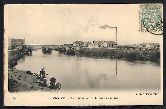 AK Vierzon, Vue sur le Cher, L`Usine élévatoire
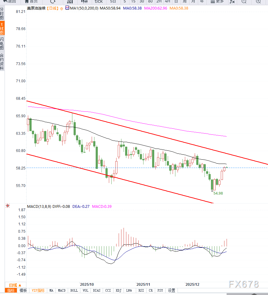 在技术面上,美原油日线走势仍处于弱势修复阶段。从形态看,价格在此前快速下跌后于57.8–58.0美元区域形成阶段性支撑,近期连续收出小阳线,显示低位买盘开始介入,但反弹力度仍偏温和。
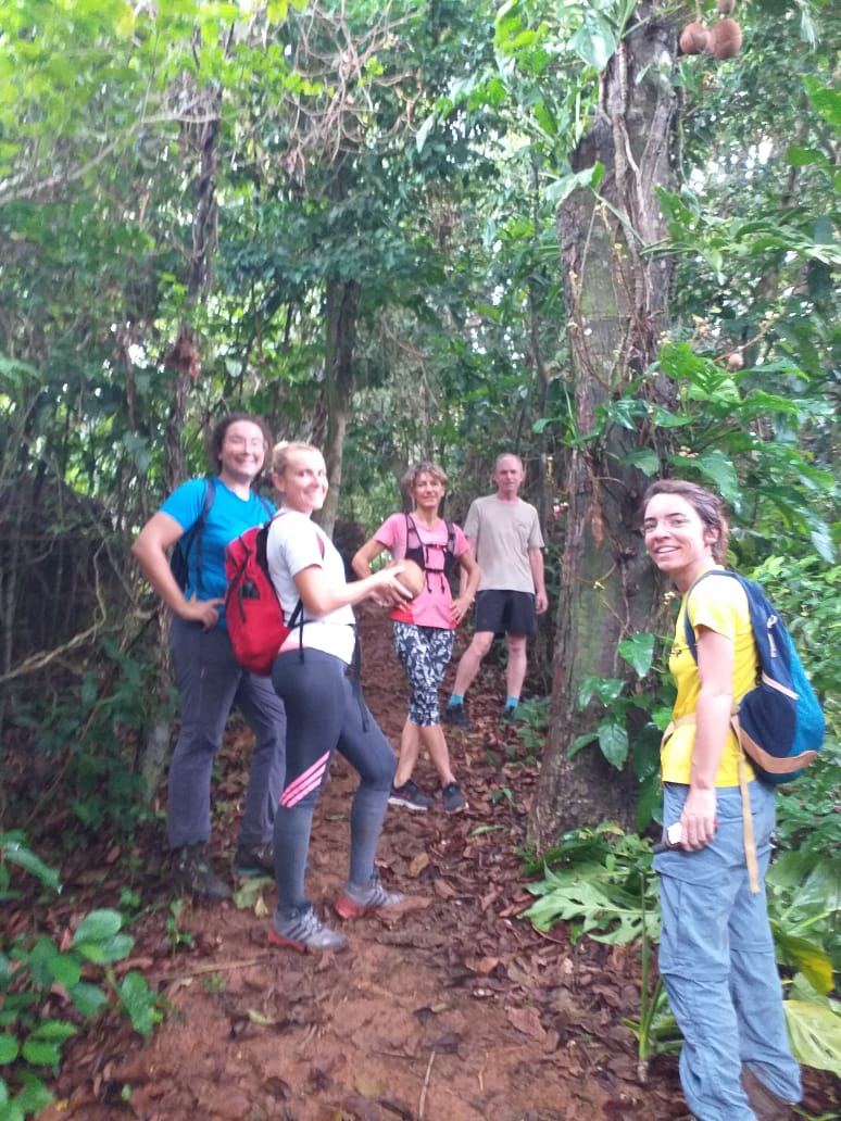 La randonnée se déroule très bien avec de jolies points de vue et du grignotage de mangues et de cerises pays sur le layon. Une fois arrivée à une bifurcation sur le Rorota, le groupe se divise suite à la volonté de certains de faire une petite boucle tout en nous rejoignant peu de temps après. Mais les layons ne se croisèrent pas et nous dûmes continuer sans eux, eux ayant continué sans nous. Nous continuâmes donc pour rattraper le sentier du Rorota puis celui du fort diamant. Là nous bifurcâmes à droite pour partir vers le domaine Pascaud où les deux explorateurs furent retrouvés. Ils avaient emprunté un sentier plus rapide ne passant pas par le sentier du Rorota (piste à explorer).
==
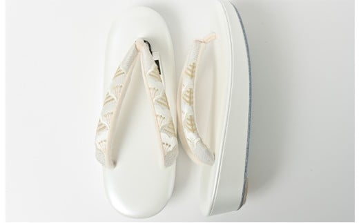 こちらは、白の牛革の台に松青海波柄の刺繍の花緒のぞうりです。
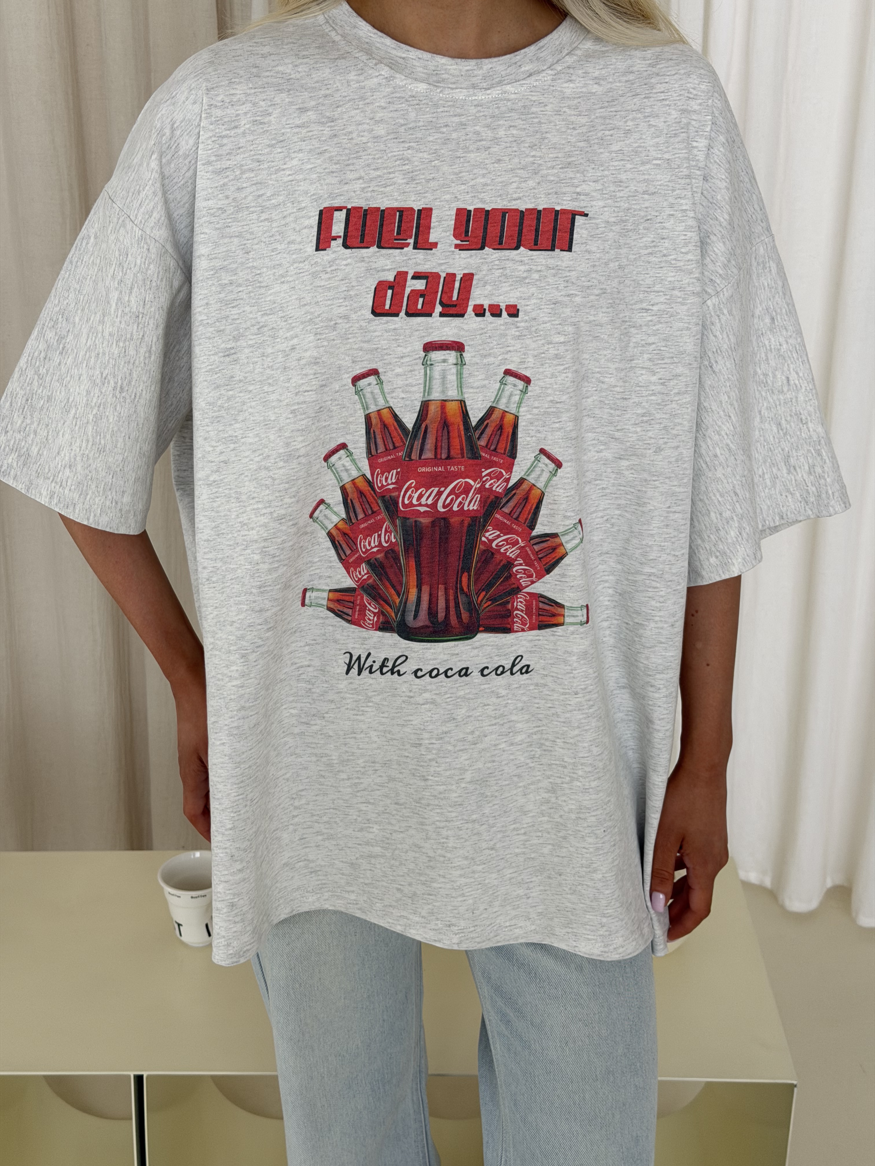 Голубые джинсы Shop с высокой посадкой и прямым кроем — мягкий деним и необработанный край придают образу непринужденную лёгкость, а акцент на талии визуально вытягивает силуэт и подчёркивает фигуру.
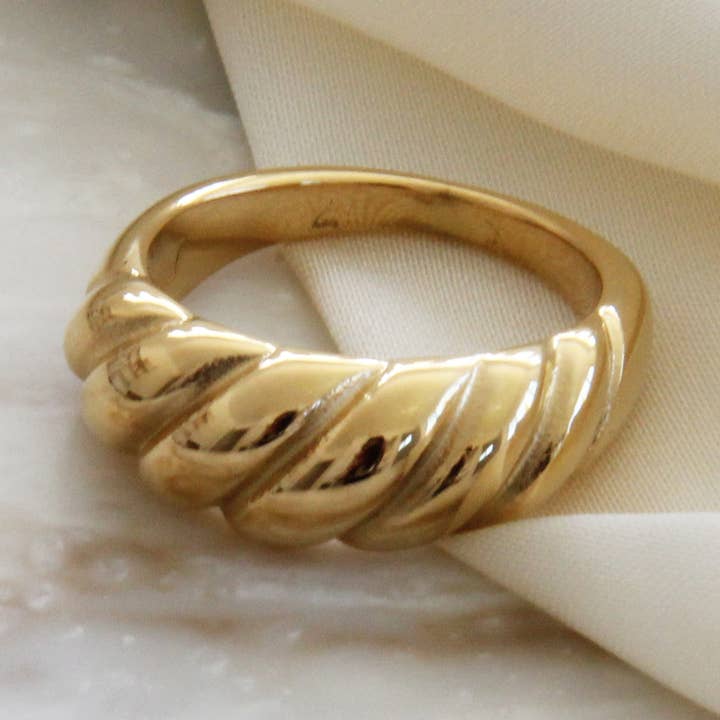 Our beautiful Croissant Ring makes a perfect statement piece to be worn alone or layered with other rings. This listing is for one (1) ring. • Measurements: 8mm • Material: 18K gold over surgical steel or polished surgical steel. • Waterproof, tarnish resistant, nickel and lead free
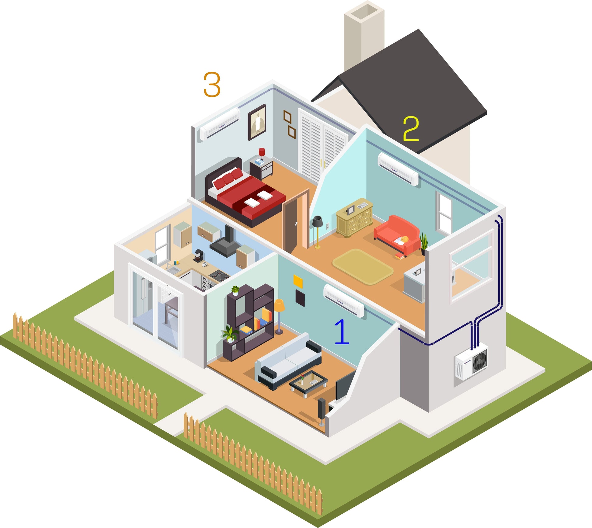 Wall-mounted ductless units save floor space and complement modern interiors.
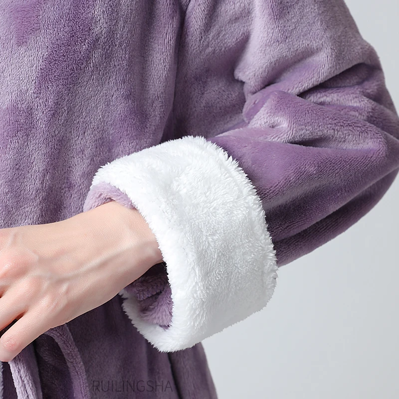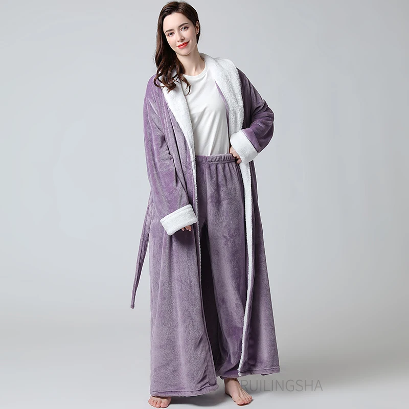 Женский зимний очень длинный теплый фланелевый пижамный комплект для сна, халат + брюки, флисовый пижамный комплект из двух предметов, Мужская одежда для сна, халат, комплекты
==
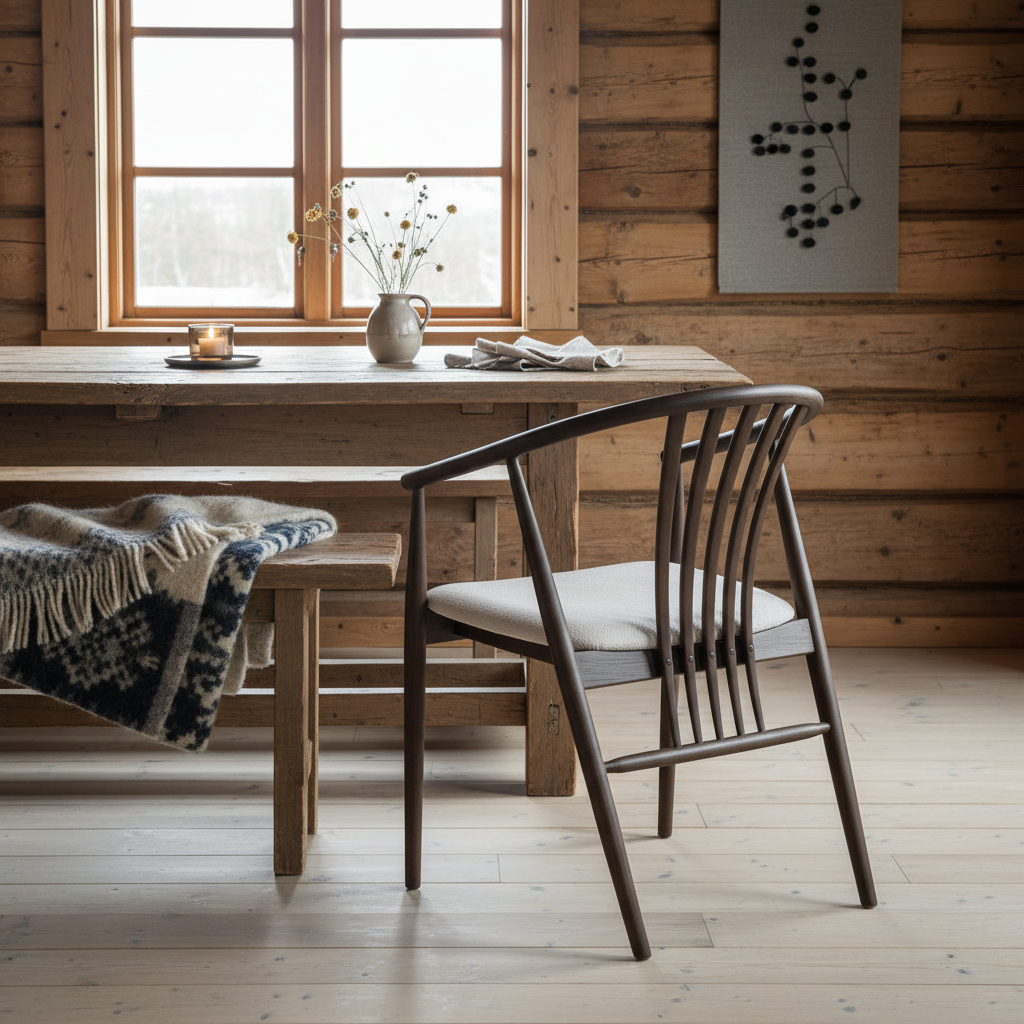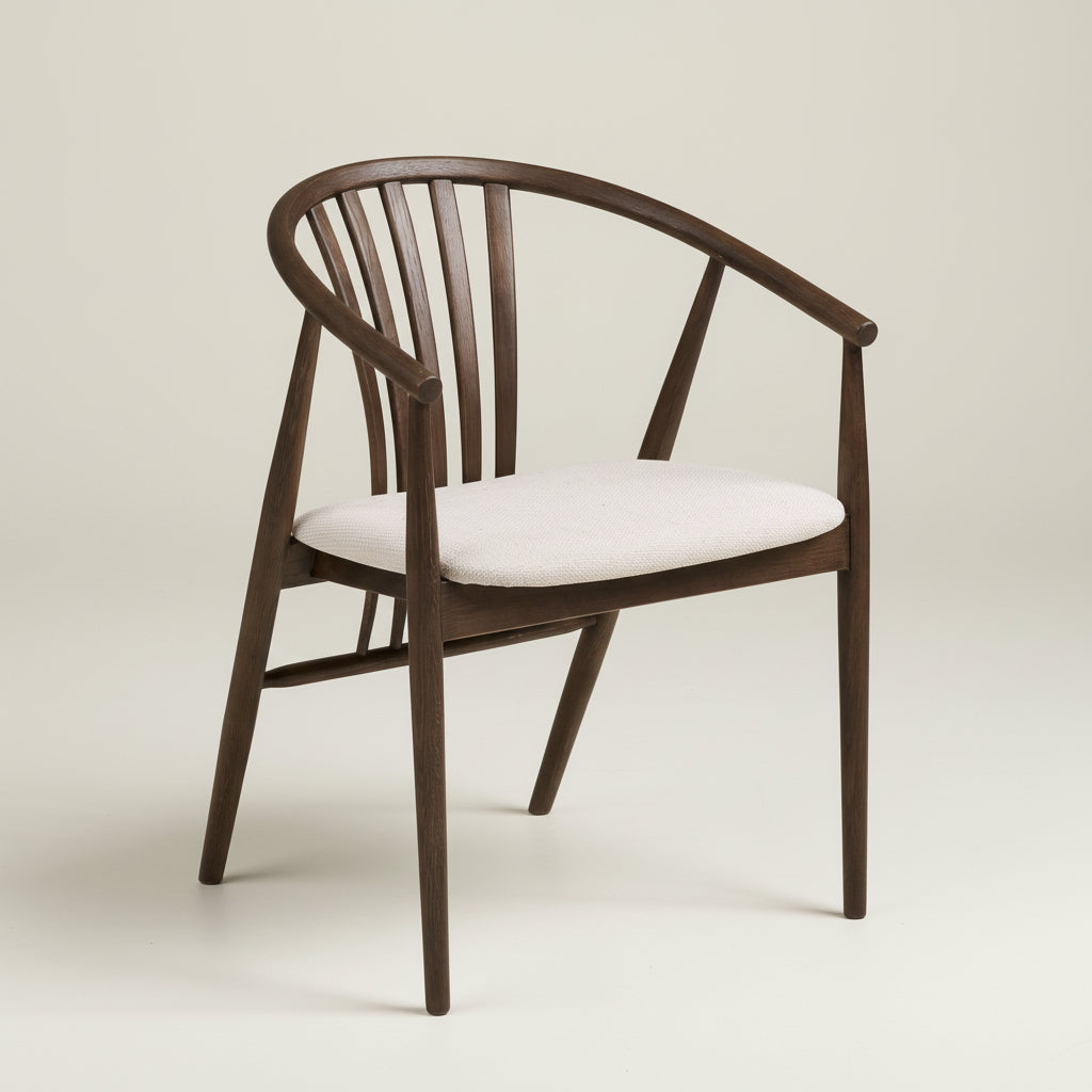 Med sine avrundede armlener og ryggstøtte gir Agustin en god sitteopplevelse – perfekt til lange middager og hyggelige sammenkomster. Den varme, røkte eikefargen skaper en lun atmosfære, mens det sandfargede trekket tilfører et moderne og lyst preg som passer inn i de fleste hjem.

> [What you should do]: Your answer should be the lines above, word for word, from the line with "AK Vierzon, Vue" through the line with "在技术面上,美原油日线走势仍", minus the pictures.

> [Reply to the task]:
 AK Vierzon, Vue sur le Cher, L`Usine élévatoire
 在技术面上,美原油日线走势仍处于弱势修复阶段。从形态看,价格在此前快速下跌后于57.8–58.0美元区域形成阶段性支撑,近期连续收出小阳线,显示低位买盘开始介入,但反弹力度仍偏温和。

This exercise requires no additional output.